Barré is essentially a much larger than life portrayal of the sort of people who try to get films like The Devils banned, which did not help Ken Russell's case, I think.
Whited sepulchre. |
When, at the end of the film, Madeleine, that one good person in the film, staggers through the ruined city and down a road avenued with Protestant corpses on wheels, it feels right, it feels true; this is where the witch hunt ends, this is where purity and goodness winds up when the tools of purity are appropriated by power.
Madeleine. |
Of course Mary Whitehouse and her creatures hated it. It's about them.
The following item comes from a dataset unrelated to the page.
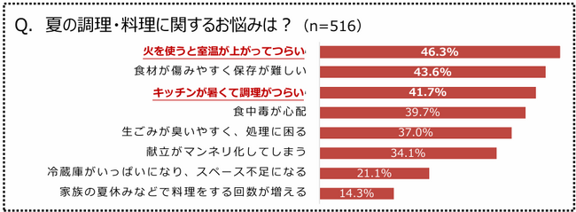 ■夏の調理・料理に関する家事の悩みNo.1は”キッチンが暑い”

Every time there's a manifestation of what could be supernatural, the film undercuts it, makes it absolutely certain there is no supernatural cause permitted. Everything here is the result of a mass brainwashing, the madness of crowds, mind control of a community. And this is religious and political. And in my opinion, with the way that the world is going, The Devils is more relevant than ever. Consider:
Grandier: Every time there's a so-called nationalist revival, it means one thing: someone is trying to seize control of the entire country!And the reason why I'm including it in my survey of folk horror, would fight to include it, is that The Devils says pretty much exactly what Witchfinder General does, only it goes further, says it more emphatically and more humanely and with better performances all round. I would even go so far as to add it to the central folk horror canon, a fourth member of the Unholy Trinity.
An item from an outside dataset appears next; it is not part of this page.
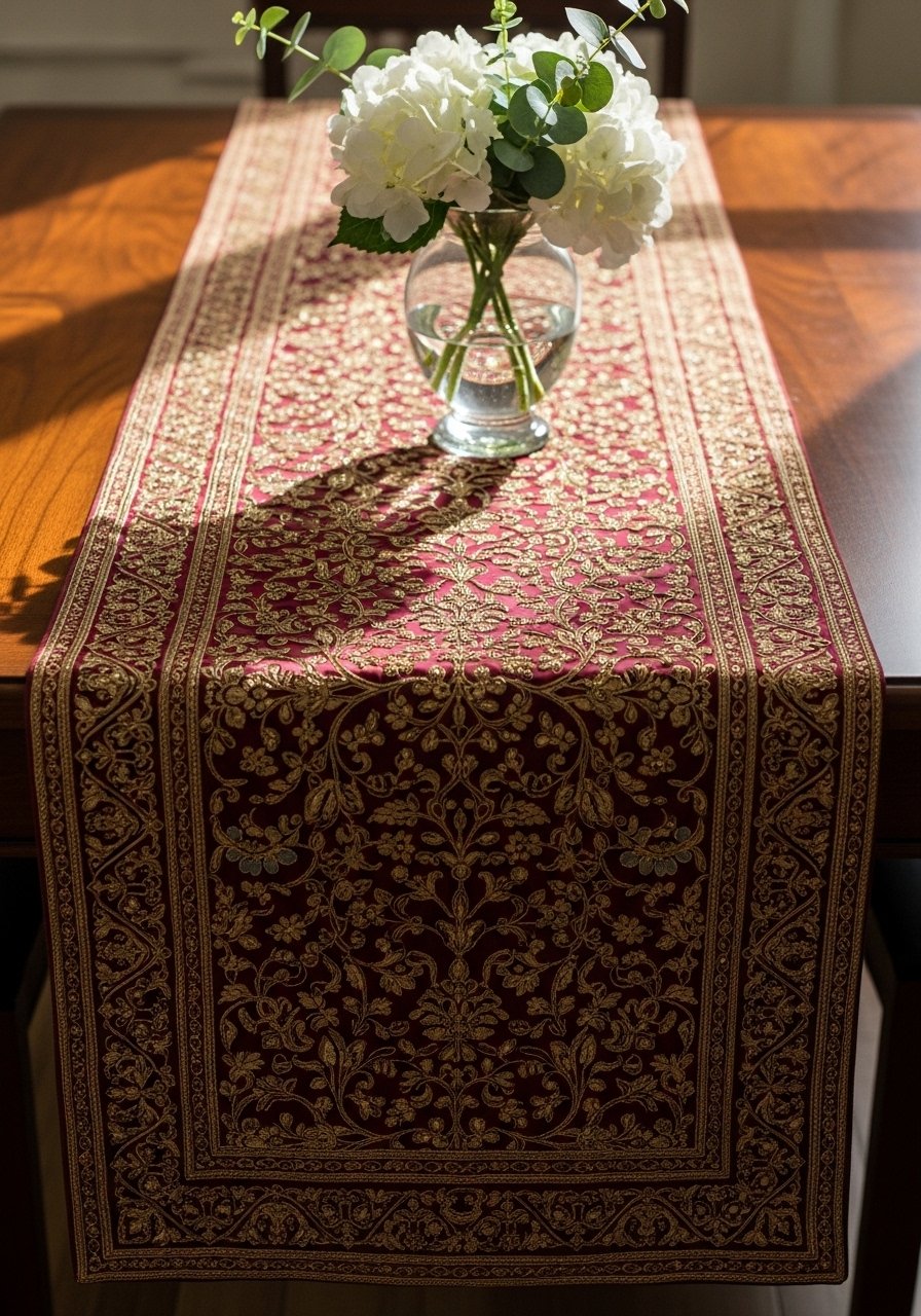 I work out the length by laying the textile and stepping back. I prefer the ends to fall about 6–12 inches over the table for most dining tables. That subtle overhang makes the runner feel anchored without dominating the space.

The Devils is a film of beauty, horror and rage. It has heart and humanity. Even if you don't count the parts that aren't included in the X certificate version, it is extreme, and the things it shows will offend, should offend. The issue is not that the film is offensive, but what about it offends you.
Notes
1Montague Summers, in The History of Witchcraft, only mentions Urbain Grandier once:
On 26 April, 1634, during the famous Loudun Trials, Urbain Grandier, the accused, was examined in order to discover the witch mark. He was stripped naked, blindfolded, and in the presence of the official, René Mannoury, one of the leading physicians of the town, conducted the search. Two marks were discovered, one upon the shoulder-blade and the other upon the thigh, both of which proved insensible, even when pierced with a sharp silver pin.Summers presented in his writing as someone who believed everything he read, and his books on werewolves, demons and witches work from the assumption that the stuff witch hunters said about witches was true, so this isn't a surprise.
Montague Summers, The History of Witchcraft, ch. 2
Nigel Cawthorne's 2003 book Witch Hunt: History of a Persecution has a much longer and more complete account of the Loudun affair, and inevitably takes the same approach as Aldous Huxley, whose 1952 historical novel The Devils of Loudun was Russell's primary source: in Huxley, it was politically motivated; the nuns were exploited; it was wholly a sham. (back)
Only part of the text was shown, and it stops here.